ATR president Grover Norquist asks in Human Events: “Will Taxes Doom Obama In 2012?”  He concludes, “…the 'deal' is a truce, not a peace treaty.  Every part of the 'deal' lasts exactly two years.  All the moving parts of the “deal” will be front and center in the 2012 election.  Nothing has been solved.  Every conflict of vision, of policy, of ideology, has been deferred.  Two years… He put the Democrats weakest issue—taxes—front and center in 2012.  And he has made all the tax cuts temporary so as to minimize their help in bringing down unemployment… Evidently he is now getting strategic advice from the folks who thought up Harriet Miers.”

The Wall Street Journal’s Jonathan Weisman notes, “Tax Proposal Wins Norquist Seal of Approval… With so many Republicans signing Americans for Tax Reform’s ‘no new taxes’ pledge, the judgment of ATR President Grover Norquist matters for the fate of the tax deal cut between Republican congressional leaders and President Barack Obama… And the judgment is, the deal does not raise taxes… ‘We’ve been supportive of it,’ said Ryan Ellis, head of tax policy for Americans for Tax Reform.”

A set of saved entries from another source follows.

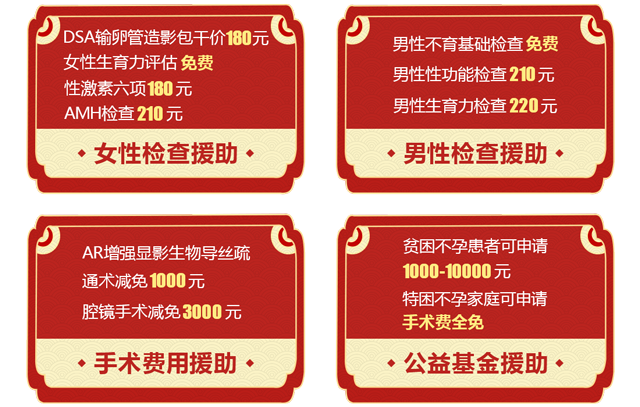 治疗不孕不育是规范、科学、严谨的系统性工程,专业的检查才能明确病因,针对治疗,为帮助减轻不孕患者的经济负担,让更多不孕不育家庭能看病、看好病,会诊期间,好孕河南不孕不育公益援助活动提供百万基金援助,让更多家庭实现生儿育女的梦想,特推出以下多项援助: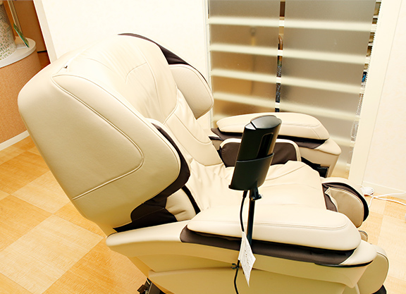診療前後の緊張を少しでもほぐしていただけるよう、待合室にマッサージチェアを用意しております。
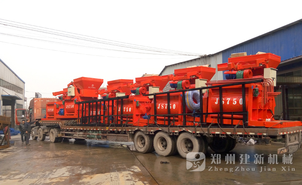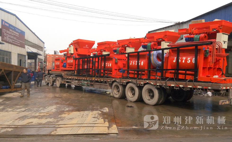 2015年12月1日,6臺JS750強制式混凝土攪拌機在鄭州建新機械廠家完成裝車,發往河南周口。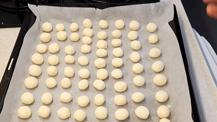 Ele yapışmayan, yumuşak kıvamlı bir hamur elde ettikten sonra hamurumuzdan parçalar alalım ve avuç içerisinde yuvarlayarak şekil verelim. Ben bu ölçülerle 30 adet kurabiye elde ettim.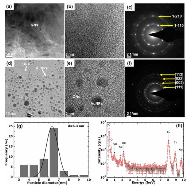Figure 2. (a,b)GNs/EG納米流體和GNs的低倍/高倍TEM圖,以及相應(yīng)的(c)SAED圖。(d,e)GNs-Ag NPs/EG雜化納米流體的低倍/高倍TEM圖,以及相應(yīng)的(f)SAED圖。(g)Ag NPs的尺寸分布情況(高斯分布曲線)。(h)GNs-Au NPs/EG雜化納米流體的EDX能譜。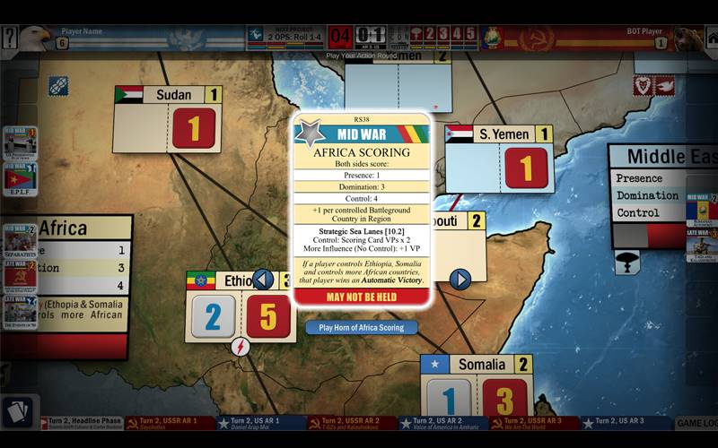 Jogue “Twilight Struggle Red Sea” e experimente a tensão da Guerra Fria centrada no Chifre da África. Escolha representar os EUA ou a União Soviética, buscando a dominação enquanto evita conflitos nucleares.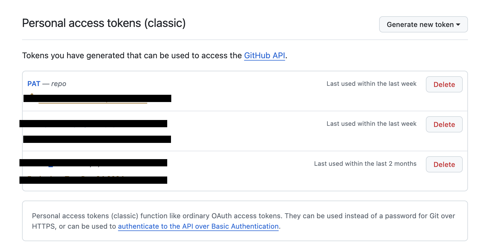 제 로컬에 등록해둔 환경변수가 문제인지 확인하기 위해 github.com에 제 PAT를 등록해두었습니다.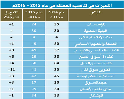 أظهر تقرير التنافسية العالمي لمنتدى دافوس لعام 2015/ 2016م أن المملكة العربية السعودية احتلت المرتبة الـ(25) عالمياً متأخرة درجة عن العام الماضي، ونحو (8) درجات عن عام 2011 -2012م.
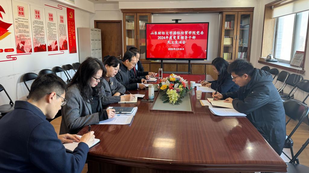 2月24日上午,国际经贸学院2024年度党委领导班子民主生活会在舜耕校区办公楼5楼会议室召开。由校机关党委书记、党委组织部副部长付亚、党政办公室正科级干部朱海林组成的指导组到会指导。学院党委书记刘波主持会议,党委领导班子成员参加会议。

“Estate tax proposal draws fire from conservatives who want full repeal,” is the headline of Russell Berman’s piece in The Hill, “Americans for Tax Reform, the group run by conservative activist Grover Norquist, is supporting the overall Obama-GOP agreement and does not consider the estate-tax provision a tax hike… ‘It’s not a tax increase relative to 2011 in current law,’ Ellis said. He added that like most conservatives, Americans for Tax Reform supports ending the estate tax permanently. Of the broader tax package Republicans are signing onto, Ellis said Americans for Tax Reform is ‘very supportive of it.’… ‘It is not perfect, but it is pretty damn good, and we like it,’ Ellis said.”